Post-exertional malaise. There is no good evidence ketamine resolves PEM. Pacing, energy envelope work, and disease-specific specialist care remain the foundation.
Orthostatic intolerance and POTS. Autonomic dysfunction is its own physiology and has its own treatment ladder. Ketamine is not part of it.
Sleep architecture. Ketamine can affect sleep in either direction in the short term and is not a sleep treatment for ME/CFS.
Immune and metabolic abnormalities. The biomarker-level dysfunction in ME/CFS is not what ketamine is acting on, even in the depression context.

Said simply: ketamine, in this disease, is best understood as a possible tool for treating the depression and anxiety that often co-occur with ME/CFS, not ME/CFS itself. That framing keeps everyone honest.

What an honest conversation looks like

A reasonable consultation for an ME/CFS patient who is also struggling with depression will sound roughly like this. We will review the diagnosis and confirm an ME/CFS specialist is involved. We will ask whether depression and anxiety are part of the picture — distinguishing burnout from clinical depression matters, because they respond differently. We will set the depression as the primary outcome we are tracking and treat any fatigue improvement as a secondary observation, not a promise.

If you decide to proceed, sessions follow our standard mental-wellness protocol with two ME/CFS-specific adjustments: a more conservative starting dose with slower titration, and explicit pacing guidance for the 72 hours after each session. Marla Peterson, CRNA, oversees every infusion and provides anesthesia-level monitoring — continuous pulse oximetry, blood pressure, and heart-rate tracking — with a CRNA in the room. We do not rush recovery, and we ask patients to plan a full rest day after every session, not just the day of the infusion.

Cost is transparent: at Music City Ketamine, sessions are $475 each, and insurance generally does not cover ketamine for ME/CFS. We will say so up front. If a course of treatment doesn’t make sense for your situation, we will tell you that too.

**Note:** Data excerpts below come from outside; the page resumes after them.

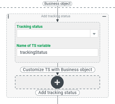 The Name of TS variable name parameter is optional, but must specify a variable name for the newly created tracking status entry if access to the tracking status entry is required for the event actions in the block Customize TS with <entity type>. Therefore, by default, the variable name trackingStatus is preset.
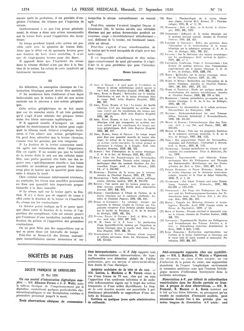 1939, Articles originaux. -
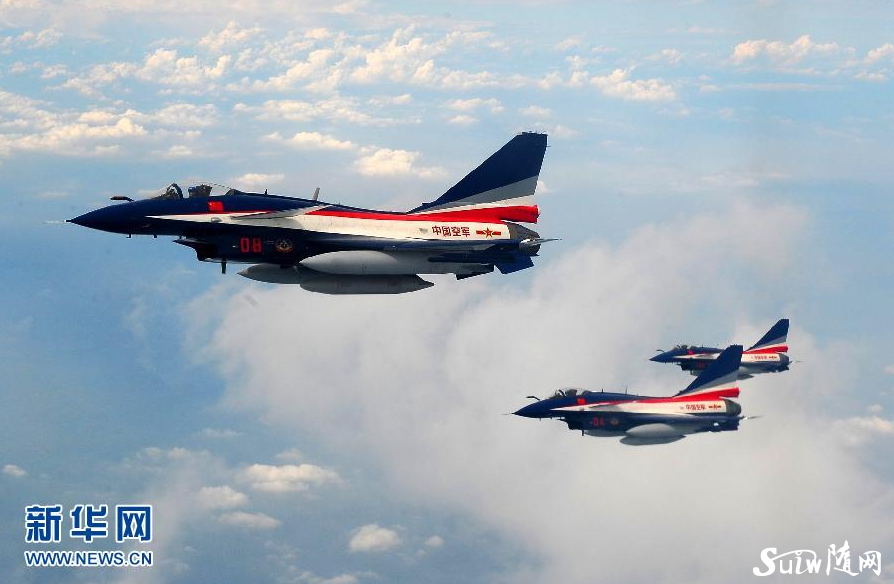 空军八一飞行表演队受领任务后,歼-10表演机进行编队转场训练(7月12日摄)。经中央军委批准,空军八一飞行表演队8月18日启程赴俄罗斯参加第十一届莫斯科航展,并进行飞行表演。这是“中国蓝天仪仗队”组建51年来首次飞出国门走向国际飞行表演大舞台。新华社发(张鹏焱 摄)
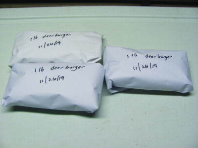 Prolonged exposure to air in a freezer causes freezer burn, so, when packaging in zip-close bags, squeeze the air from the bags, close the zipper, and wrap the bags in freezer paper. Mark the packages with the contents and the date the animal was killed. A vacuum sealer is also good for packaging venison.
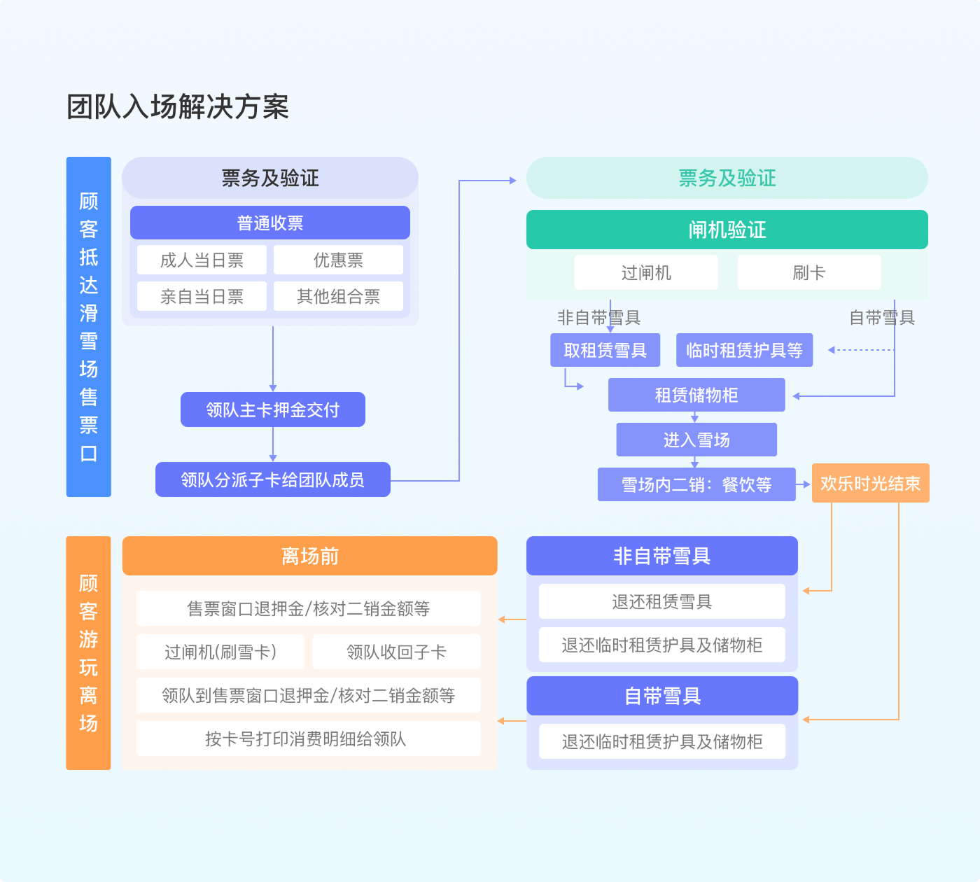 支持滑雪场各类游客群体的精细化运营与管理,为不同来源、不同消费模式的游客提供灵活适配的解决方案
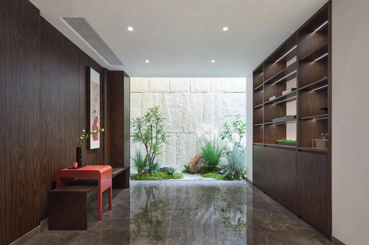 在会所中央,设计了充满中式韵味的四水归堂:屋檐四面围合,中间种植舒展松树,承载着中国传统文化中“天人合一”的理学思想。雨季时节,水从四面的檐壁汇聚,寓意着财源风水,也寄托着家人团圆的美好愿望。
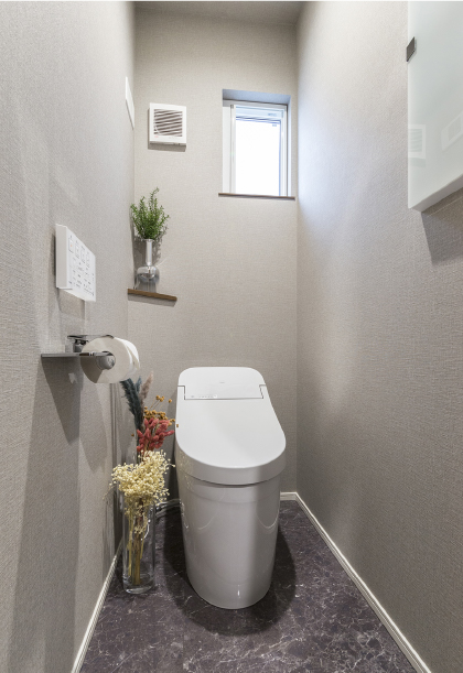 清潔感のある空間に。スマートな空間を演出するタンクレストイレ、1階トイレは「オート開閉・オート洗浄」機能を搭載した先進仕様。また、手洗いカウンターのボウルも水アカが付きにくく、お手入れのしやすい素材を採用しています。

Talking to your ME/CFS specialist before booking ketamine

This is the part of the article we want underlined. Before you schedule anything, talk to your ME/CFS specialist. They know your PEM threshold, your medication landscape, and any orthostatic issues that change how dissociation and recovery should be managed. They can also help you decide whether the depression-and-anxiety target is the right primary indication, or whether your situation calls for depression-specific treatment first or a chronic-pain track if widespread pain is dominant.

If you take medications that interact with ketamine — certain benzodiazepines, lamotrigine, monoamine modulators — that is another conversation for your prescribing provider. Never start, stop, or change medications on your own. The point of a coordinated approach is to keep the people who already know your case in the loop.

Where the literature supports a careful trial, we are happy to be one option. Where it doesn’t, we will say so. If you want to read further on the underlying neuroscience, our piece on how ketamine acts on the brain and our overview of how ketamine works mechanistically are good companions to this article. ME/CFS deserves serious medicine and serious caution, and we’d rather give you both than oversell either.